━━━━━ MATERIAL FOR THIS TASK ━━━━━

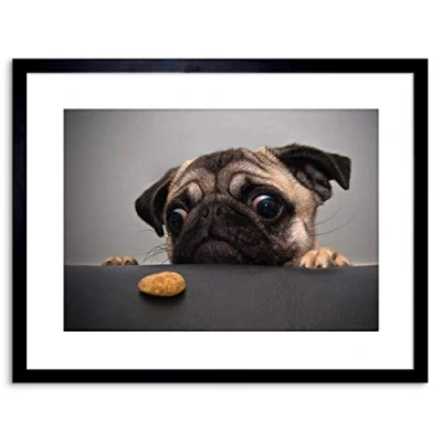 Wee Blue Coo Animal Photo Pug Dog Treat Food Eyes Cute Framed Wall Art Print
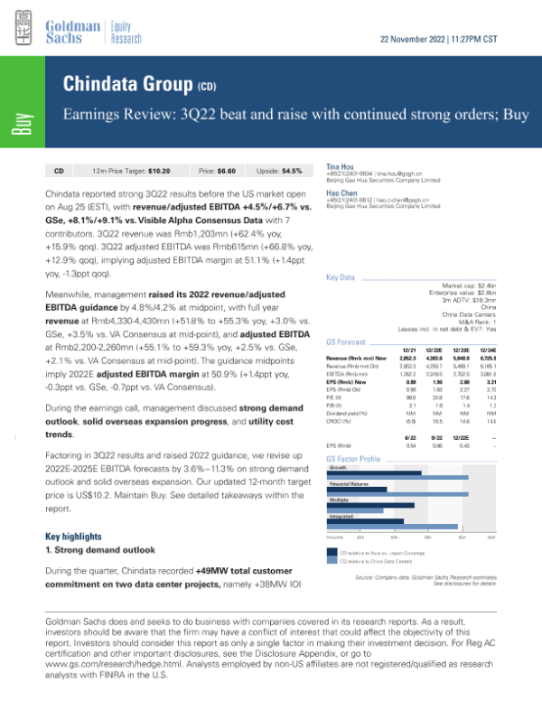 【Goldman Sachs】【20221122】Chindata 3Q22收益超出预期并上调全年指引;买入评级-9页
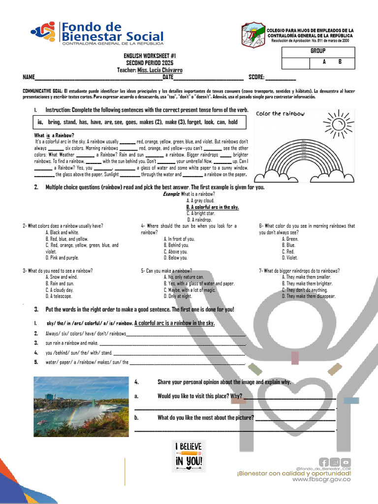 It’s a colorful arc in the sky. A rainbow usually _______ red, orange, yellow, green, blue, and violet. But rainbows don’t
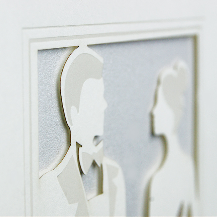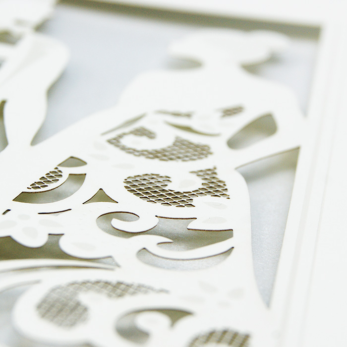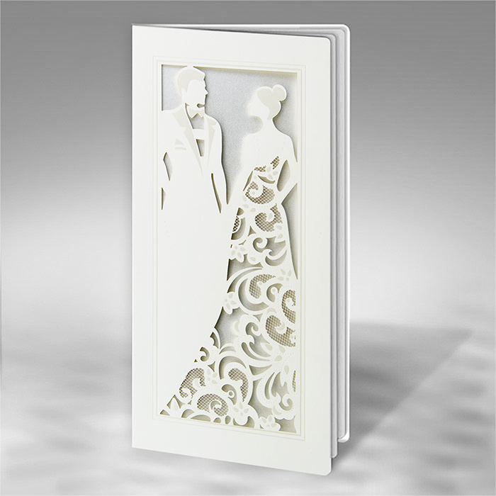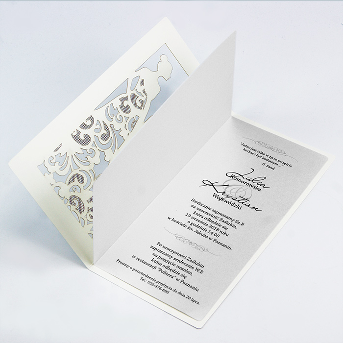 Zaproszenie z najnowszej kolekcji, wykonane z wysokiej jakości matowego papieru w kolorze ecru. Okładkę ozdabia motyw Młodej Pary wykonany techniką cięcia laserowego i hotstampingu. Wkładka do nadruku tekstu metalizowana w kolorze perłowym, dająca delikatne tło wycięciu laserowemu. Zaproszenie wysyłamy w formie gotowej do wręczenia. Zaproszenie wykonane z ogromną starannością i dbałością o detale. Precyzyjny nadruk, dokładność wykonania oraz wysokiej jakości papier. Do zaproszenia dodana jest ozdobna koperta (130g/m2) GRATIS.
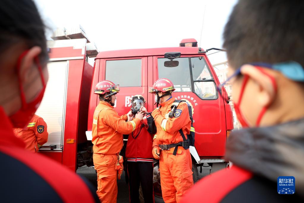 2月6日,在隆堯縣第二實(shí)驗小學(xué),學(xué)生在消防員指導下體驗正壓式空氣呼吸器。
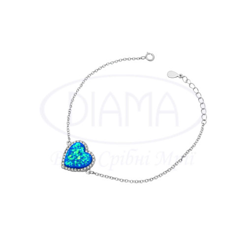 Браслет срібний з синім опалом та білим цирконом в формі "Серце". Срібло 925 проби, покрите родієм. Розмір 15,5 мм.
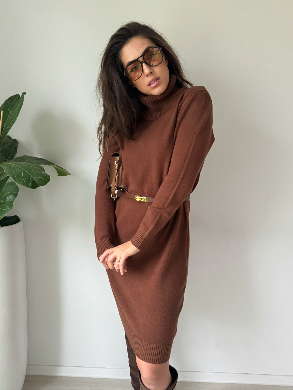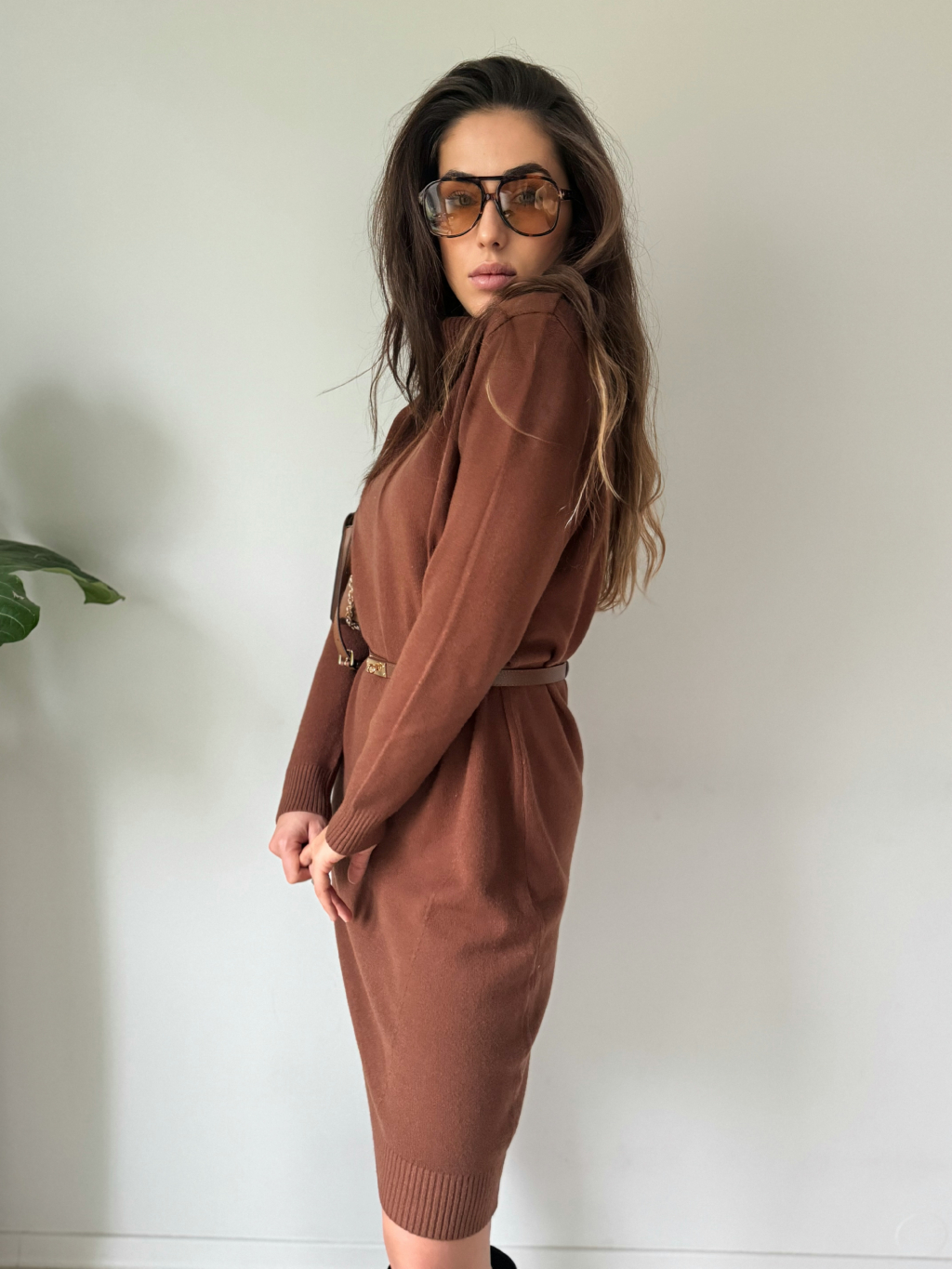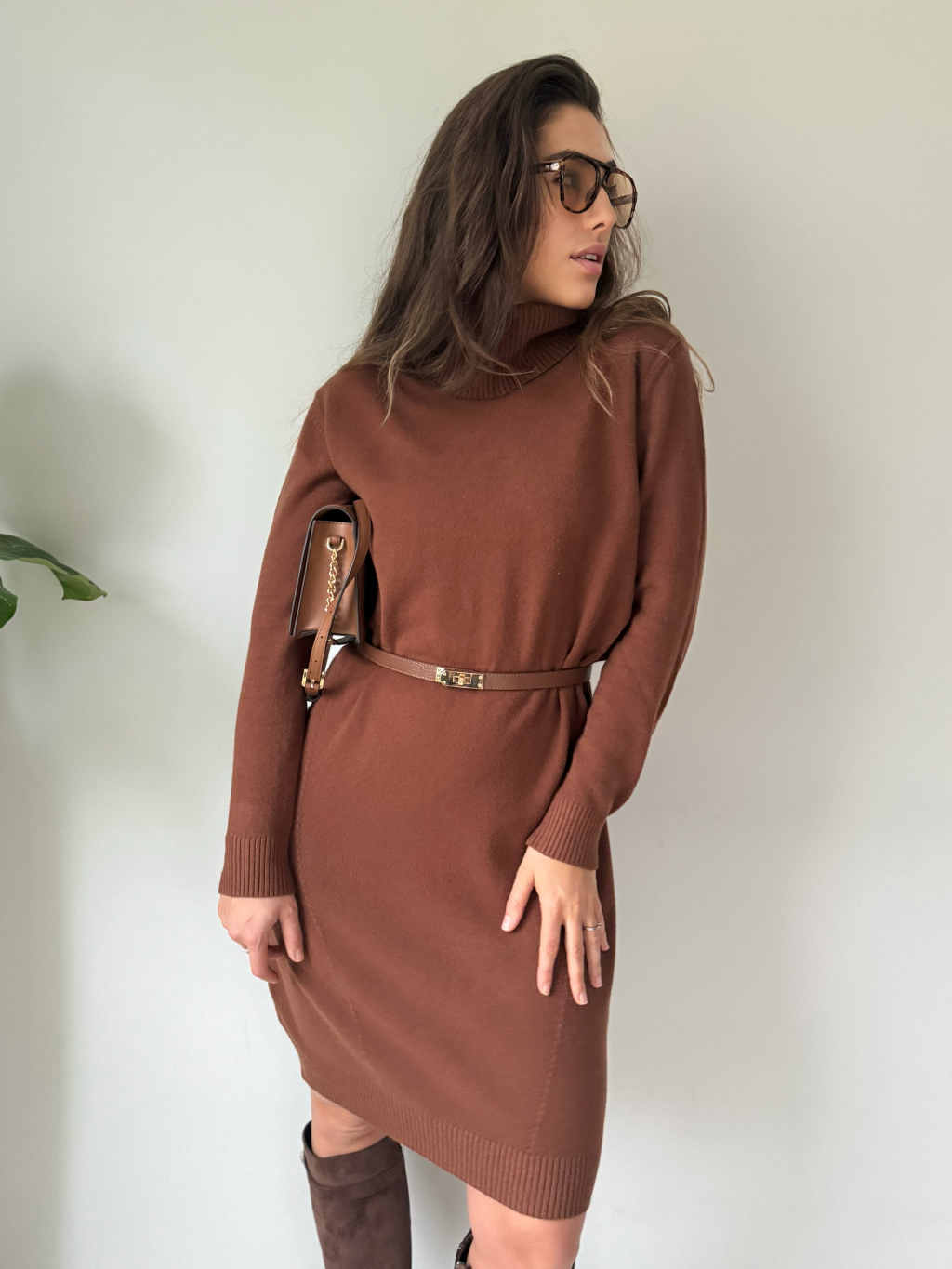 Oversize pletené šaty TISSE hnědá

━━━━━

YOUR INSTRUCTIONS >>
Transcribe, without alteration, each line from the one with "2月6日,在隆堯縣第二實(s" through the last line of the data; no pictures belong in the copy.

EXPECTED ANSWER >>
 2月6日,在隆堯縣第二實(shí)驗小學(xué),學(xué)生在消防員指導下體驗正壓式空氣呼吸器。
 Браслет срібний з синім опалом та білим цирконом в формі "Серце". Срібло 925 проби, покрите родієм. Розмір 15,5 мм.
 Oversize pletené šaty TISSE hnědá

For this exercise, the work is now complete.